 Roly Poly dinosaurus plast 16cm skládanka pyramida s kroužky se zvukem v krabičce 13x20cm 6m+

==

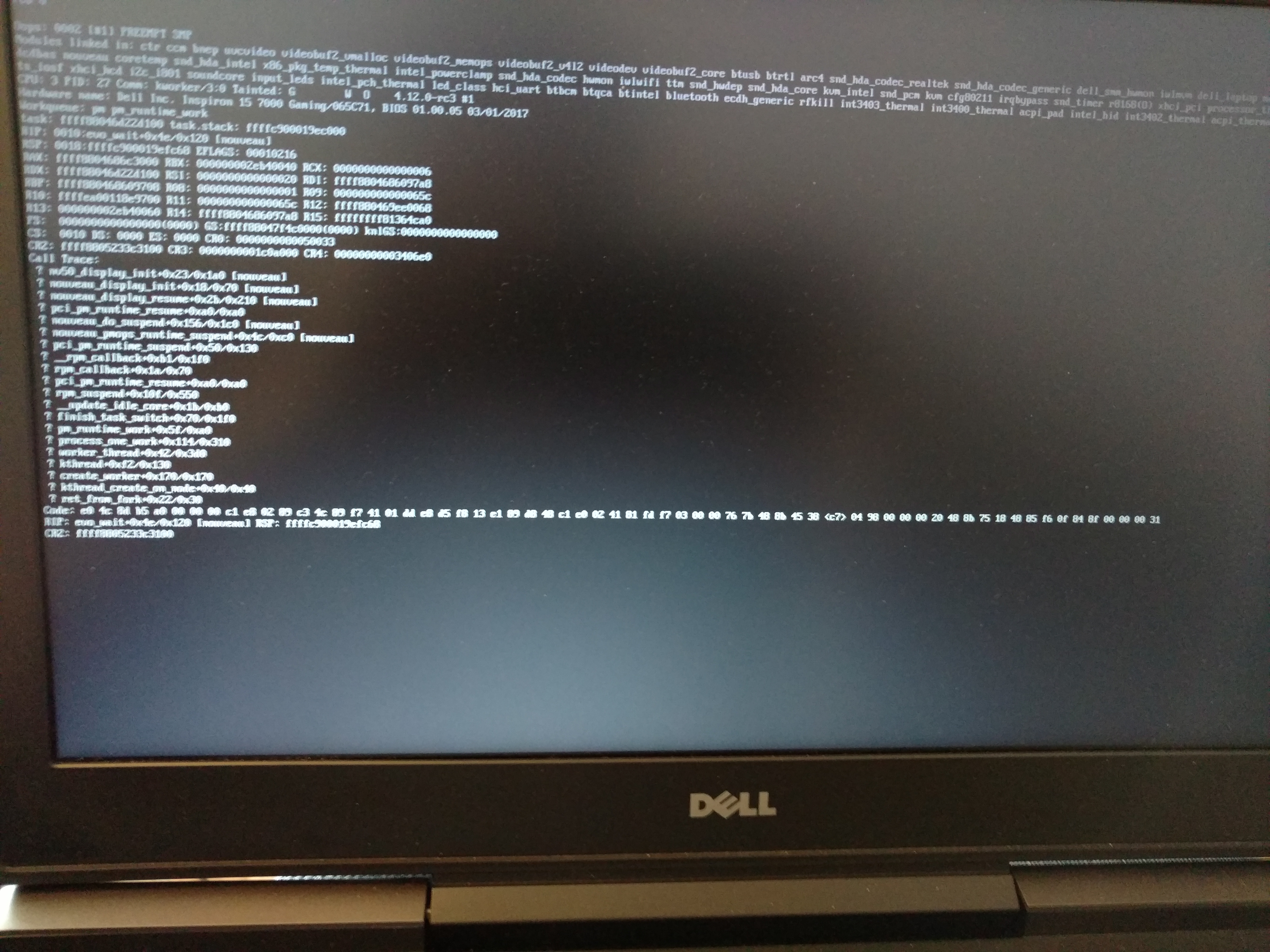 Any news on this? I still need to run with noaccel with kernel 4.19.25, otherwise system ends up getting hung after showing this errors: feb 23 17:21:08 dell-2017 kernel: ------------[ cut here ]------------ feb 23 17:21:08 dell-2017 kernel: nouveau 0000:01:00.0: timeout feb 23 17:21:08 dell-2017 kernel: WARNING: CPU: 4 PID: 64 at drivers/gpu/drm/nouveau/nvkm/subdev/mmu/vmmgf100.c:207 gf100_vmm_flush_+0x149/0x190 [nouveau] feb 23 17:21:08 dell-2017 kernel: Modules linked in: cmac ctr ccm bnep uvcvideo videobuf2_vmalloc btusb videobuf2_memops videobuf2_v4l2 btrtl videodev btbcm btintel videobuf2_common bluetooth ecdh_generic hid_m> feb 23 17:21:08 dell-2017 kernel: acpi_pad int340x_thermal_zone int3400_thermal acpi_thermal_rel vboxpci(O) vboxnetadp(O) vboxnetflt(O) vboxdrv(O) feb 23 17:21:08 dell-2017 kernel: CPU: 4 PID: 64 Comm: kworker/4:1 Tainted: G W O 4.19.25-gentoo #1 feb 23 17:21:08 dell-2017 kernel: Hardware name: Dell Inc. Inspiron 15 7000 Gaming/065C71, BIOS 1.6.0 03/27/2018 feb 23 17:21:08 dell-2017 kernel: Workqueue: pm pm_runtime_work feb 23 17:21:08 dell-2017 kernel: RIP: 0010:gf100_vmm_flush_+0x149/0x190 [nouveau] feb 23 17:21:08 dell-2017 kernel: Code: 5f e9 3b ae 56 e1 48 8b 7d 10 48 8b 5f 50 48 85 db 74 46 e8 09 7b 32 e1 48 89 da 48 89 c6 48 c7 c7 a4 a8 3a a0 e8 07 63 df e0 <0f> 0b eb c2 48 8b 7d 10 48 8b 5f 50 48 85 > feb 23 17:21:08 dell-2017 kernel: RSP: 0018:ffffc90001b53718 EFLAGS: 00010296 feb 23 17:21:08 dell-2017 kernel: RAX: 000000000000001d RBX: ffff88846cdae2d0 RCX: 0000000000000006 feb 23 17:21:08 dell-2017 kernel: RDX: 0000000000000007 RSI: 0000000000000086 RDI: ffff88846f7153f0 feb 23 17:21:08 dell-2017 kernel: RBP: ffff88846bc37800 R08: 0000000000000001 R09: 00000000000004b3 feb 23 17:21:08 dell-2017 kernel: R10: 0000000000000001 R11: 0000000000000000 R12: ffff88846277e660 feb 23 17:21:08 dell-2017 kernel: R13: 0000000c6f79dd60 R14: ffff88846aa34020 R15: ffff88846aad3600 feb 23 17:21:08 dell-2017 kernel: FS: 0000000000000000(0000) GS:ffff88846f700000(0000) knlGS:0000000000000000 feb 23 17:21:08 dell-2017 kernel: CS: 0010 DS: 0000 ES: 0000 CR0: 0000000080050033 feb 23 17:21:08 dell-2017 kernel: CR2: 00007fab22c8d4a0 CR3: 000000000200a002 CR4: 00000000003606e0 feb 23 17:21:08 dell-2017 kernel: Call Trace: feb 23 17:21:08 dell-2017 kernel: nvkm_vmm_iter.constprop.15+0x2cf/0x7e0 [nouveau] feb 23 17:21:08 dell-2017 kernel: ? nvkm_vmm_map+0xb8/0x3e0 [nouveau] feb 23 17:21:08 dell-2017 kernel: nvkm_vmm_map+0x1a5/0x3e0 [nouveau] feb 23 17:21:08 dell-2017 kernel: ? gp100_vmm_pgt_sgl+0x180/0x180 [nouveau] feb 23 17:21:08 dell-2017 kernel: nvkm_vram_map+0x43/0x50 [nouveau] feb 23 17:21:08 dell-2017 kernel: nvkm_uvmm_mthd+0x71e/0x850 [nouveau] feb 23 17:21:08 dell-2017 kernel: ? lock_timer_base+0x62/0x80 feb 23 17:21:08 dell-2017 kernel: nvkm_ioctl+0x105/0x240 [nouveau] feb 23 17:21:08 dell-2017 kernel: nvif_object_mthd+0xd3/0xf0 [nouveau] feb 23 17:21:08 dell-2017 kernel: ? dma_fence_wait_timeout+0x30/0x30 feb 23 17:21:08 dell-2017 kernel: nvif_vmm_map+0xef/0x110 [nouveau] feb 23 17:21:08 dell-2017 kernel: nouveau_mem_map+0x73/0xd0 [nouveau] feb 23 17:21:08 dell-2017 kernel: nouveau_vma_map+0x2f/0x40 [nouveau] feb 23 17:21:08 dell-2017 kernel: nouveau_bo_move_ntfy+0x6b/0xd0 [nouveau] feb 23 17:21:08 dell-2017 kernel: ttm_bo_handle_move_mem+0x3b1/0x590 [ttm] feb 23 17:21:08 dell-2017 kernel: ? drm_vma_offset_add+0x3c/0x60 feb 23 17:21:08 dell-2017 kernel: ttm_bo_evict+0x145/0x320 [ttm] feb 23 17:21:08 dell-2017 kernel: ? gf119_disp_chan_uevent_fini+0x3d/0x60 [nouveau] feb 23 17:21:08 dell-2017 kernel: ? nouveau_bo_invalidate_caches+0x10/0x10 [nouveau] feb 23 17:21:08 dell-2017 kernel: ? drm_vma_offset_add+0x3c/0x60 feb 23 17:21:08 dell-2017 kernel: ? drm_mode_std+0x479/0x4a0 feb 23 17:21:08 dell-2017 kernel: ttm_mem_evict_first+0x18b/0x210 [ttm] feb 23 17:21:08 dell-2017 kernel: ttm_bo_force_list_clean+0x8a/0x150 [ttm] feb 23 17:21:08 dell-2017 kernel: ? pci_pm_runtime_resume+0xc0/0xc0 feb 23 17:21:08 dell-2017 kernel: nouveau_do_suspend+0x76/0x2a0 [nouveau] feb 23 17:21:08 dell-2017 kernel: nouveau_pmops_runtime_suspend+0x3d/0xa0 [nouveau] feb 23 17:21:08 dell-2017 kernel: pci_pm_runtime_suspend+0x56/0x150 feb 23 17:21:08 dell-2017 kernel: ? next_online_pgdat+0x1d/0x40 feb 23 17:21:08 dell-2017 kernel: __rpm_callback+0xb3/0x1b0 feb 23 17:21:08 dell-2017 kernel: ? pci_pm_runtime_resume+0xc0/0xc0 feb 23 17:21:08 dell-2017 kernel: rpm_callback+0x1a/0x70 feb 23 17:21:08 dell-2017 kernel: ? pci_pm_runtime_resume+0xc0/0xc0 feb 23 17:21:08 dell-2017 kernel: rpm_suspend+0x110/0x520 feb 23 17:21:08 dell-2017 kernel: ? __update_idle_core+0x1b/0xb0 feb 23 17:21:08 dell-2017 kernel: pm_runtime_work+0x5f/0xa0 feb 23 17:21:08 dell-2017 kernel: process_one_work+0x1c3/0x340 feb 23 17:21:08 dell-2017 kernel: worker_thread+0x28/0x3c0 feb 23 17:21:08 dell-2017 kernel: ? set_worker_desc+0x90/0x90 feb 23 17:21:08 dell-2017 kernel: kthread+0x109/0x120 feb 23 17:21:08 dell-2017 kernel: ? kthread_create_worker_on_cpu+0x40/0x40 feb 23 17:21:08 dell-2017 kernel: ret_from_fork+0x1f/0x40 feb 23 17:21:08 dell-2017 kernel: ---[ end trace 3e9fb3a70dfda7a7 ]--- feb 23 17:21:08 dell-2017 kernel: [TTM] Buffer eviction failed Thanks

---

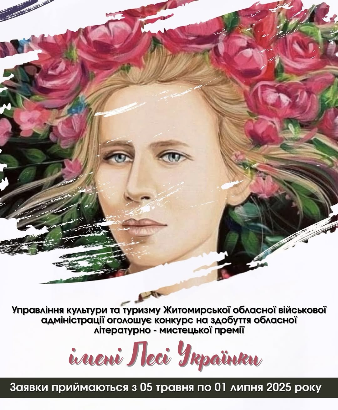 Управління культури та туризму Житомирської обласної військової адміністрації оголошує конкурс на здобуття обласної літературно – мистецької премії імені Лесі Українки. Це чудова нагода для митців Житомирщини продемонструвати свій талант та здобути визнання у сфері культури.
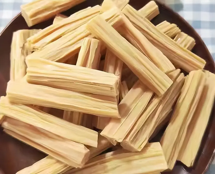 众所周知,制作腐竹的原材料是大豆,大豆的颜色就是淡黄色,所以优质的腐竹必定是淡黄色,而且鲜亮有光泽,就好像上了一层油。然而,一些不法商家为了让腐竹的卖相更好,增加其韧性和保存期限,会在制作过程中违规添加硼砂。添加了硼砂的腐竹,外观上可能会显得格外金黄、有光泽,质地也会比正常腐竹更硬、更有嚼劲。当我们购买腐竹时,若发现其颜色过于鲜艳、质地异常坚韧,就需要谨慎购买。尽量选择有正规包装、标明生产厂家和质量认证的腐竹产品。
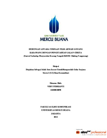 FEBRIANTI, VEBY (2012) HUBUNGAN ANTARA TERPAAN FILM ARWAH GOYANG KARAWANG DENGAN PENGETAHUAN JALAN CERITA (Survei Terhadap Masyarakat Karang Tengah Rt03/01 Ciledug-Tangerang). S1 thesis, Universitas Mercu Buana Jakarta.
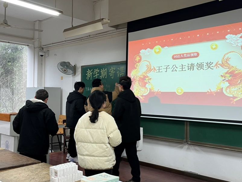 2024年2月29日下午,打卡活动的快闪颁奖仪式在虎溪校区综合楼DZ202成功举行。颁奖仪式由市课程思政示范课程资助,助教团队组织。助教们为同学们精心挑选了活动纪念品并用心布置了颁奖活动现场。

● Instructions for the task
Extract from the material above the stretch running from the line containing "Управління культури та" through the line containing "众所周知,制作腐竹的原材料是". Keep the text exact and the pictures out.

● Result of the exercise
 Управління культури та туризму Житомирської обласної військової адміністрації оголошує конкурс на здобуття обласної літературно – мистецької премії імені Лесі Українки. Це чудова нагода для митців Житомирщини продемонструвати свій талант та здобути визнання у сфері культури.
 众所周知,制作腐竹的原材料是大豆,大豆的颜色就是淡黄色,所以优质的腐竹必定是淡黄色,而且鲜亮有光泽,就好像上了一层油。然而,一些不法商家为了让腐竹的卖相更好,增加其韧性和保存期限,会在制作过程中违规添加硼砂。添加了硼砂的腐竹,外观上可能会显得格外金黄、有光泽,质地也会比正常腐竹更硬、更有嚼劲。当我们购买腐竹时,若发现其颜色过于鲜艳、质地异常坚韧,就需要谨慎购买。尽量选择有正规包装、标明生产厂家和质量认证的腐竹产品。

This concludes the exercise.